Her second deployment began in 1980, marked by an engine malfunction on 23 January 1981, necessitating a replacement at Subic Bay within two days. In April, Elliot encountered several refugee boats, rescuing 158 refugees over eight days, earning the crew the Humanitarian Service Medal. The deployment involved visits to Hawaii, Guam, Korea, Thailand, Hong Kong, Philippines, Japan, and Singapore, concluding on 23 May.

Elliot shifted to Destroyer Squadron 21 on 1 June 1981 and underwent the first private sector overhaul for a Spruance-class destroyer at Todd Pacific Shipyard in Seattle, Washington. The overhaul included various refurbishments, notably the installation of an SLQ-32(V)2 electronic warfare system, ending on 30 April 1982.

Departing on 13 April 1983 for her third deployment, Elliot visited ports in Hawaii, the Philippines, Korea, Japan, Thailand, Guam, and Hong Kong. During this deployment, Elliot rescued 68 Vietnamese refugees and responded swiftly to the downing of KAL 007. She returned on 18 November 1983.

In January 1984, Elliot underwent a safe weapons offload at Seal Beach Naval Weapons Station but encountered a subsurface obstruction in the Seal Beach channel, causing minor damage to the underwater hull and starboard propeller. Beginning a planned three-month selected repair availability (SRA) on 2 February in San Diego, Elliot shifted operational command to Destroyer Squadron 5 in May and participated in Fleet Week '84 festivities in October in San Francisco.
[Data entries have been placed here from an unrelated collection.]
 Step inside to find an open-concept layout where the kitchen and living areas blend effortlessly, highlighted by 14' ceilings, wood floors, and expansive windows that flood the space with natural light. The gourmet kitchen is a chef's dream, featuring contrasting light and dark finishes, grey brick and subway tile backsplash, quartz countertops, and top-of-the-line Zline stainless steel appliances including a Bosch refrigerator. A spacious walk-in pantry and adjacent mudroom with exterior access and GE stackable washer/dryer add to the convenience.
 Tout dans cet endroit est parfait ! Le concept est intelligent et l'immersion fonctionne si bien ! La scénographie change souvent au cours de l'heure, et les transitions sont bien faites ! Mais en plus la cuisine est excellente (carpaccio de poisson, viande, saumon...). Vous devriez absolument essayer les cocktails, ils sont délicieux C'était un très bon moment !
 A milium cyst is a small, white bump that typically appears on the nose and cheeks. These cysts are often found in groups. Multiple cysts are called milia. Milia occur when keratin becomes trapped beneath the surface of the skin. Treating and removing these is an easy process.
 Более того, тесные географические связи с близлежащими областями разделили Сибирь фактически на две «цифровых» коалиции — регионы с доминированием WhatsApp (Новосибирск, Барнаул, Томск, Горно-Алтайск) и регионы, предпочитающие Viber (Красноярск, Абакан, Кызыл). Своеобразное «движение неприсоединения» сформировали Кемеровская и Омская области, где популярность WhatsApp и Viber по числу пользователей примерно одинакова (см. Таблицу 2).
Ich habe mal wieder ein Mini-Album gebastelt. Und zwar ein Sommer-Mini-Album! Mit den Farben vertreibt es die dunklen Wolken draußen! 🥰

Her fourth deployment commenced on 10 July 1985 as part of the New Jersey battle group, visiting ports in Hawaii, Japan, Korea, the Philippines, Brunei, and Hong Kong. Elliot engaged in exercises with Republic of Korea ships and rendered assistance to Darter after a collision with the merchant ship Kansas Getty. Returning home on 21 December concluded this deployment.

In May 1986, Elliot underwent a two-month selected repair availability for flight deck modifications, arriving at San Francisco for Fleet Week '87 in October. She embarked on her fifth deployment in January 1987, engaging in operations in the Bering Strait.
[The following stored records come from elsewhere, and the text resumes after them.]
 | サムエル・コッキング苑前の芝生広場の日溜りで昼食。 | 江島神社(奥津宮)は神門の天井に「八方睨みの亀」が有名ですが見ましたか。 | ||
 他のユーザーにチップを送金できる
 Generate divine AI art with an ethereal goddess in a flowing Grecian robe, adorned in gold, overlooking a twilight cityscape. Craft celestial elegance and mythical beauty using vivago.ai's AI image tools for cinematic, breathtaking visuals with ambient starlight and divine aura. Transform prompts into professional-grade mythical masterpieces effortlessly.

A significant overhaul in the 1988 / 1989 period equipped Elliot with VLS, Phalanx CIWS, a new TACAN, and an upgraded Sea Sparrow system with MK 23 TAS radar. Joining PACEX-89 in September 1989, Elliot participated in joint operations across the Pacific before returning in November.

Deploying for WestPac-90 on 1 February 1990 as part of the USS Carl Vinson (CVN-70) Carrier Battlegroup «Charlie,» Elliot visited various ports, including Pearl Harbor, Hawaii; Pusan, Korea; Subic Bay, Philippines; Singapore; Pattaya Beach, Thailand; Diego Garcia, BIOT; Muscat, Oman; Fremantle; and Hong Kong. Notably, Elliot rescued 35 Vietnamese refugees in the South China Sea. Returning on 1 August 1990, Elliot underwent maintenance during the Persian Gulf War.
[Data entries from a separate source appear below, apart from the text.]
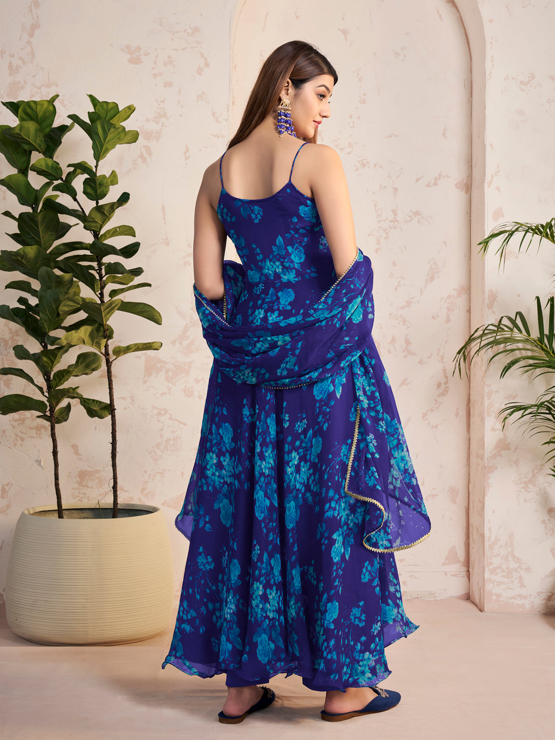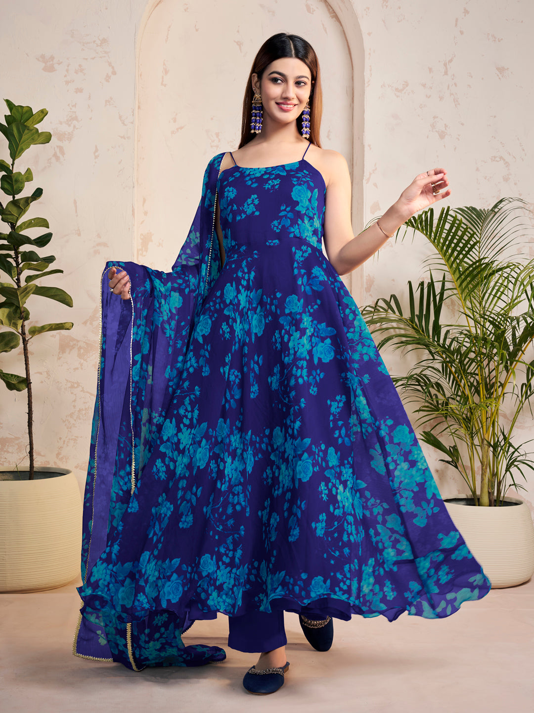 Elevate your ethnic wardrobe with our Women Floral Printed Angrakha Kurta set. The blue Kurta features a captivating floral print in an Anarkali shape with an Angrakha style. Made with poly chiffon, it has a calf-length flared hem and shoulder straps. The solid trousers have an elastic waistband for comfort and ease of wear. Complete the look with the included dupatta.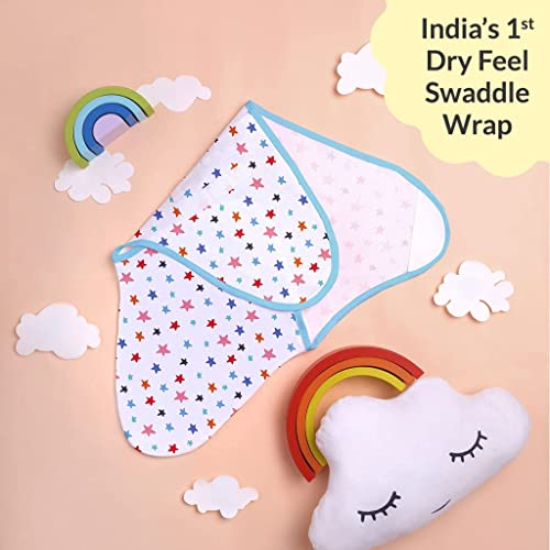 superbottoms Dry Feel Swaddle Wrap for Newborn | SuperDryFeel Layer to Keep Baby Dry | Extra Soft | 100% Cotton | Easy to Wear, Travel-Friendly Wrapper | 0-3 Months, Baby Wrappers | Pack of 3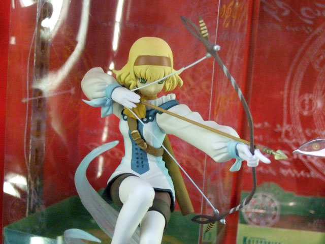 これは、コトブキヤ秋葉原店でサンプルを撮らせていただいたこともあるもので、コトブキヤの説明によると「予言によって守られた世界で、誰かによって狂わされてしまった運命に立ち向かう!2005年末に発売された大人気ファンタジーRPG「テイルズ オブ ジ アビス」。愛する祖国の民を助ける為に、自ら旅立つことを選んだ強い意志を持った王女「ナタリア・L・K・ランバルディア」。行動的で弓の名手である彼女を、躍動感溢れるポージングで立体化いたしました。」とされています。(TALES OF THE ABYSS公式)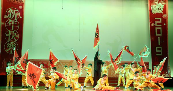 武术是中国的精魂,千百年来,武术被作为强身健体,伸张正义的民族象征,是带有东方气息的文化瑰宝。今天,一年级13班男生们在这舞台上一展身手,为我们带来了中华武术表演《智武少年》。帅气有力的动作,伴随着飒飒生风的黄旗,惊艳了在场的观众。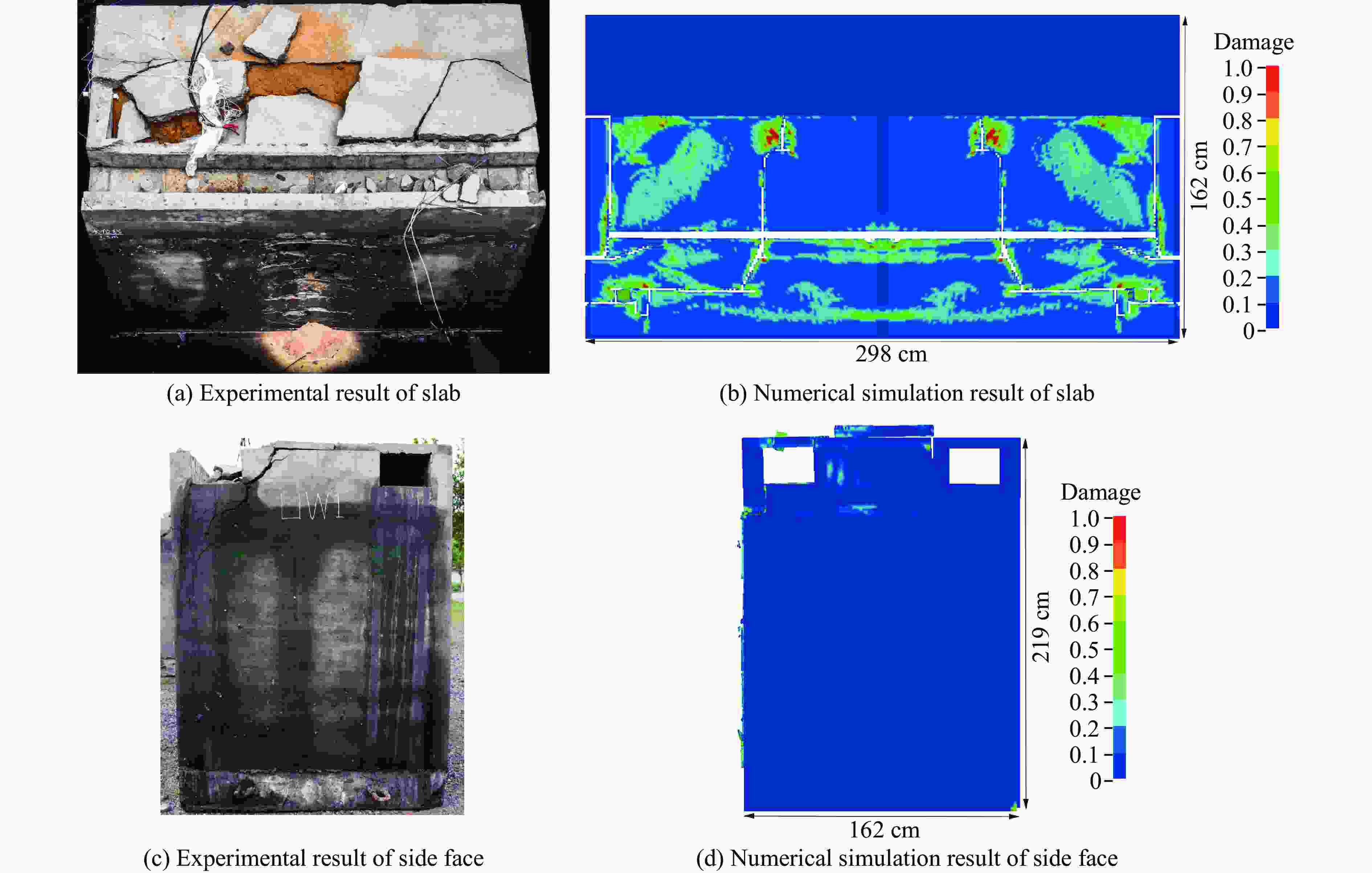 摘要: 为探究水下接触和近场爆炸下沉箱码头的毁伤机理和荷载特性,基于沉箱码头缩尺模型试验,采用有限元数值模拟开展对比研究,分析了沉箱码头内冲击波荷载的传播、衰减规律以及沉箱码头的破坏过程和毁伤机理。研究结果表明:水下接触和近场爆炸下,沉箱码头的毁伤区域和破坏特征基本一致,码头迎爆外墙和面板为主要破坏区域,迎爆外墙呈爆坑、破口的破坏现象,面板呈现管沟连接处横向通长裂缝、纵向裂缝并掀飞的破坏现象,沉箱码头侧墙和仓格内纵横隔墙毁伤相对轻微。水下接触和近场爆炸下,沉箱码头内冲击波在仓格的隔墙和填砂界面发生反射和透射现象,码头迎爆外墙、侧墙、板均受到冲击载荷,冲击波荷载在沉箱内的衰减速度由陡至缓,沉箱码头的毁伤特征在水下爆炸冲击波阶段基本形成,毁伤形成时间略大于2倍的冲击波在沉箱码头内的传播时长。Abstract: To investigate the damage mechanism and load characteristics of caisson wharf under underwater contact and near-field explosion, a high-fidelity numerical model was conducted based on the scaled model tests of caisson wharf and verified by comparing the simulation results with the experimental data. The propagation and attenuation characteristics of shock waves inside the caisson, partition walls, and internal backfill soil were analyzed. The destruction process and typical damage mechanisms of the caisson wharf were analyzed by comparing Holmquist‒Johnson‒Cook constitutive model damage contour maps with experimental results. The results shows that the damage areas and characteristics of the caisson wharf are largely consistent under both underwater contact and near-field explosion. The primary damage areas are blast-facing wall and deck slab. The blast-facing wall exhibits cratering and breaching phenomena, while of the deck slab shows transverse full-length cracks at trench-slab connections, longitudinal cracks, and blow-off. The side walls and internal partitions of the caisson wharf sustain relatively minor damage. Shock wave within the caisson subjected to underwater contact and near-field explosions undergo reflection and transmission at the interfaces between the partitions and fillings within the compartments. The blast-facing wall and side walls of the wharf are subjected to shock loads. The transmitted compressive waves across the transverse bulkheads and blast-resistant back walls exhibited amplification compared to the incident waves, whereas attenuation was observed as the waves traversed the sand-filled compartments. Numerical simulation results revealed that the shock wave load within the caisson undergoes a decay rate that transitions from rapid to gradual. Damage characteristics of caisson wharf is primarily shaped during the underwater explosion shockwave phase. Neglecting large-scale macroscopic movements such as uplift and scattering post panel failure, the damage formation time slightly exceeds twice the shockwave propagation duration through the structure.

Embarking on WestPac-91 on 31 July 1991 with COMDESRON 17, Elliot visited ports such as Pearl Harbor; Subic Bay; Phuket, Thailand; Bahrain; Oman; Abu Dhabi, UAE; and Hong Kong. In October, Elliot encountered a drifting Iraqi LUGM-145 mine, safely detonating it with assistance from Explosive Ordnance Disposal Mobile Unit One. She returned home on 20 January 1992.

Elliot underwent a yard period at Southwest Marine Shipyard, San Diego, from May to August 1992. Departing for a counter-narcotics cruise in November, Elliot returned on 21 December. In June 1993, Elliot participated in the Portland Rose Festival before setting off on her next deployment, visiting ports in Hawaii, Guam, Singapore, United Arab Emirates, Bahrain, Diego Garcia, Australia, and Fiji. In late August, Elliot operated off the coast of Iran and engaged in various operations until her decommissioning on 2 December 2003.

As part of Exercise Talisman Sabre, the decommissioned Elliot was sunk off the eastern coast of Australia on 22 June 2005, resting at a depth of 4,551 fathoms in the Coral Sea, approximately 100 nautical miles east of Fraser Island, Queensland, Australia.